Zone Transfer by NOTIFY
The trouble with the NOTIFY request is that it travels by UDP and may be dropped by the network. The "U" in UDP is not for "Unreliable," although it might as well be. Additionally, if a slave does not support NOTIFY, you're out of luck in any case. Also, this is one instance where the very sensible time delay of NOTIFY will be frustrating. You can't know if your server is still waiting out the delay or if the NOTIFY request got lost. Fortunately, though, you can enable more logging in named.conf so you can see everything that happens:
logging { channel my_log { file "/var/log/named.db"; severity dynamic; print-category yes; print-severity yes; }; category notify { my_log; }; category xfer-out { my_log; }; };
Run "ndc restart" to pick up the configuration change. Update the zone serial number in the zone, run "ndc trace 3," and then run "tail -f /var/log/named.db" to see what happens when you, finally, run "ndc reload" to load the updated zone:
29-Apr-2000 16:39:50.897 ns_notify(penguin.bv, IN, SOA): ni 0x400bf728, zp 0x80e188c, delay 24 29-Apr-2000 16:40:14.899 sysnotify(penguin.bv, IN, SOA) 29-Apr-2000 16:40:14.901 Sent NOTIFY for "penguin.bv IN SOA" (penguin.bv); 1 NS, 1 A 29-Apr-2000 16:40:14.916 Received NOTIFY answer from 192.168.226.3 for "penguin.bv IN SOA" 29-Apr-2000 16:40:15.084 zone transfer (AXFR) of "penguin.bv" (IN) to [192.168.226.3].8478
Actually, there will be more unless you "grep" the tail output, but the preceding contains the interesting bits. First, you see that named decides that a NOTIFY is in order, and to delay it 24 seconds. Then, the time to send the NOTIFY arrives and it is sent. A response is promptly received; in short order, the zone is transferred by the slave. This is what is supposed to happen, for each and every slave server. If it does not, it should suffice to do a "ndc restart", because named will issue NOTIFY requests when starting, just in case a zone changed since the last reload or restart. In this manner, you should be able to get the slaves reloaded promptly.

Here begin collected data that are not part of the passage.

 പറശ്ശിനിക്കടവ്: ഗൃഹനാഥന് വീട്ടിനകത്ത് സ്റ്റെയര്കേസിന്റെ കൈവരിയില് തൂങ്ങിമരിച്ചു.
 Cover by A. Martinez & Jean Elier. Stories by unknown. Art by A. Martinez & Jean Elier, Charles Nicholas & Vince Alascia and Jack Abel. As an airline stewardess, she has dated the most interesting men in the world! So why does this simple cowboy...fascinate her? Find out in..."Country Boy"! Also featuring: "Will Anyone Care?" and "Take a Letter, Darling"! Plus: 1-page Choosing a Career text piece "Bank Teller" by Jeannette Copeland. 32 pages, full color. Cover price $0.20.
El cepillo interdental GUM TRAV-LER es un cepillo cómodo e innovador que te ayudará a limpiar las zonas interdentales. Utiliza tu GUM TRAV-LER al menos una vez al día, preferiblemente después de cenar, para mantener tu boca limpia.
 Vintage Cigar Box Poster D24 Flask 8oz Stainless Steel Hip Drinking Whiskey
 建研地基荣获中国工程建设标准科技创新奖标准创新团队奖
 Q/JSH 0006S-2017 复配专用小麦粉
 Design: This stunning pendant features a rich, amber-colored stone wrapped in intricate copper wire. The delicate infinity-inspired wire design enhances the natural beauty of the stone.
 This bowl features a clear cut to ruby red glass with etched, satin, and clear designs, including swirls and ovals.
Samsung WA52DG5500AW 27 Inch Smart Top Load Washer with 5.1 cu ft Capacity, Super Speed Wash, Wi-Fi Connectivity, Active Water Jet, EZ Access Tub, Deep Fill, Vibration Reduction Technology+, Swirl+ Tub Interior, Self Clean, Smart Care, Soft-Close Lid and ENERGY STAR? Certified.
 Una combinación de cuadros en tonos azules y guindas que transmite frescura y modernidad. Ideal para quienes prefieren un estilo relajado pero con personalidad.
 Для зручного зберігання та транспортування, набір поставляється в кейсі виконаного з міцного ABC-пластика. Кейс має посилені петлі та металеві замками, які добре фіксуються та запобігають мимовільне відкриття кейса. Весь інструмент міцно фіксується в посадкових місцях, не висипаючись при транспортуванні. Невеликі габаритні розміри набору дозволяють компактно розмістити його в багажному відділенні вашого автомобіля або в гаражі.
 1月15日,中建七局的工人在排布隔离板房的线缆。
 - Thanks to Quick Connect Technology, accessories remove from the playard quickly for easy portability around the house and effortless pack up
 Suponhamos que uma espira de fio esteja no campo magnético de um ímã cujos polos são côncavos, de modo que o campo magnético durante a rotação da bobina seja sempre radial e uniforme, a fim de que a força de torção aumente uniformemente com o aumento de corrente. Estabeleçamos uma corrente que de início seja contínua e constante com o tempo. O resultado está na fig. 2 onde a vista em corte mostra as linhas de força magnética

Zone Transfer by Other Methods
If all your slaves do not implement NOTIFY and you do not have full access, you need to get the slaves to check the zone for updates frequently enough so that the zone transfer happens fast enough. Controlling this is what the refresh value is for. If you would like to have the zone transferred within 10 minutes of an update, set the refresh period to 10 minutes. But be sure to do it more than one old refresh interval before the change takes place so that the new, decreased refresh interval is picked up in time. In cases such as the moving of an important server, a refresh period of one minute would not be out of place. And this is quite possibly the simplest way to accomplish this in any case—if you plan ahead. But do increase it again afterward.
The last technique is to call up the admins of the slave servers and arrange for them to be available when the move is made. Then phone around, getting the admins to reload the zone by force, by removing the zone file from the slave servers and reloading as described earlier. This works best if there aren't many of them to call.